How to Write a Cover Letter with ChatGPT
The shift to remote work and the Great Resignation have opened up the job market, but current working conditions have put power back in the hands of corporations. Massive layoffs and hiring freezes mean much more competition in the market, making it harder and longer to find a new job.
Applying for a job is difficult and time-consuming, and it’s tempting to use the ‘Quick Apply’ button and attach a generic cover letter to each application – but that won’t get you started in this market. But it is also not realistic to carefully draft a new cover letter for every job when you are faced with thousands of applicants.
There’s a third option: use artificial intelligence to customize your cover letters. Save time, stand out in a saturated market and arrange a job interview.
The AI tool I used to try this out is ChatGPT, which stunned the world when it released in November 2022 (you can read our hands-on review of ChatGPT and Gemini, Copilot and Perplexity on CNET’s AI Atlas hub ). If this is your first time using AI, it makes sense to start with the tool that made AI mainstream.
Here’s how to use ChatGPT for the job. I’ll walk you through the process, pointers, and productivity tips (and a potential problem to watch out for) to improve your applications and your opportunities.
Read more: Job Searching with AI: 7 Techniques We Tried and How They Work
Creating a custom cover letter
If you’ve ever tried to write a cover letter, it’s hard enough to summarize your entire career on one page, let alone customize it for each position.
Your resume presents your hard skills, and your cover letter showcases your soft skills: the skills that you can shape with keywords to match what a company is asking for in its job advertisement.
Getting started with ChatGPT
You will need an account with ChatGPT, the cover letter, your CV and a previous cover letter, if you have one.

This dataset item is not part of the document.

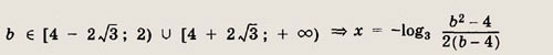 Решение: Исходное неравенство сводится к системе неравенств первое из которых выполняется для любых х € R, а для двух других это условие будет реализовано при значениях b, удовлетворяющих следующей системе неравенств:

You can use a free version of ChatGPT like me or pay $20 per month for additional features like the latest models, priority access during peak usage, and image generation.
The first prompt
Your first question might be something like, “Can you please help me write an application for the role of reporter on The Wall Street Journal’s automotive team? Here’s the job description: [paste job description] And here is my CV: [paste resume].”

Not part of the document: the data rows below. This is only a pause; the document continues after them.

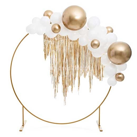 Stojak na tło to bardzo efektowna i łatwa w montażu dekoracja sali, która powinna znaleźć się na każdej ważnej uroczystości. Ustawiona w centralnym miejscu sali tanecznej, w ogrodzie lub na tarasie, gdzie odbywa się przyjęcie plenerowe stworzy niesamowitą atmosferę. Komplet dekoracji balonowych, czy florystycznych zawieszonych na obręczy stworzy niezwykle efektowną aranżację. Stojak na tło w połączeniu z balonami i dekoracjami wiszącymi można dodatkowo oświetlić kolorowym, punktowym światłem, tworząc w ten sposób wielowymiarową przestrzeń. Stojak na tło można wykorzystać podczas kilku imprez, a potem złożyć i schować do następnej uroczystości.
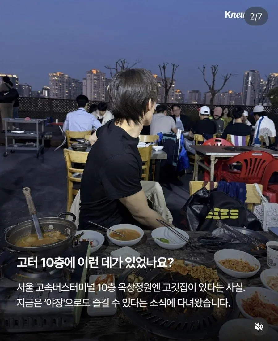 고속터미널 옥상 간판 바로 아래서 고기먹기
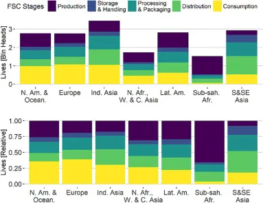 For example, consumption-based losses dominate in North America, Oceania, Europe, and industrialized Asia, while production-based losses are greatest in Latin America, North Africa, West and Central Asia, and especially Sub-Saharan Africa. In South and Southwest Asia, most losses occur in the distribution, slaughter, and processing stages of meat.

I immediately noticed a major problem on my first try: ChatGPT had been hallucinating. It conflated some of my experience, correctly citing the publications I’ve written for and the topics I’ve reported on, but incorrectly — very, very incorrectly — with made-up stories (see yellow highlights).
If I don’t change anything else in my motivation letter, I will certainly fix it.
The cover letter was also too long for my liking, so you could give ChatGPT a word limit or ask it to remove certain things.
Then I also asked ChatGPT to highlight the top five keywords I would use in my cover letter for a reporter role on The Wall Street Journal’s automotive team, and this is what I got:
Follow-up instructions
I then asked ChatGPT to include these keywords in my cover letter. I’ve chosen my top three.
Fast: “Remove the five bullet points and incorporate the following keywords into my experience: scoops, breaking news, and business and financial reporting.”
We’re getting there slowly.
Since the role requires technology and financial reporting experience, I pushed ChatGPT to focus on my work at NerdWallet and previous reporting at the MIT Tech Review.
Fast: “Highlight my experience reporting on emerging technology and personal finance for outlets like NerdWallet and MIT Tech Review.”
With a solid foundation I could now adjust the tone. It still didn’t feel like me, and I wanted it to be tighter, but more conversational and eloquent.
Fast: “Rewrite in a more conversational tone, with shorter sentences and without repetition. Eloquent, exciting and worldly.”
This style prompt reduced it by 30% to this:
You can work on it further in ChatGPT, but I did my final adjustments manually, which allowed me to blend in my personality.
Finish
Copy the content to a separate Word or Google document to change the language to suit your voice. For example, change “Dear Hiring Manager” to “Dear [company] recruiting team” and remove any weird lines you’d never actually say, like “is a prospect I enjoy.” And be sure to look through any other oddities ChatGPT may have hallucinated.
Here was my final ChatGPT plus me version. I took out the branding work because it’s a reporter role and spruced it up to my taste.
While the tone of what ChatGPT returns for your cover letter should mimic your personality, you can set it higher or lower to match the company’s voice, atmosphere, and vision. Let ChatGPT show you off, then all you have to do is shape it, style it and send it.
For more AI tips, check out how to use Midjourney to create custom wedding invitations and how to use AI (or not) to build your budget.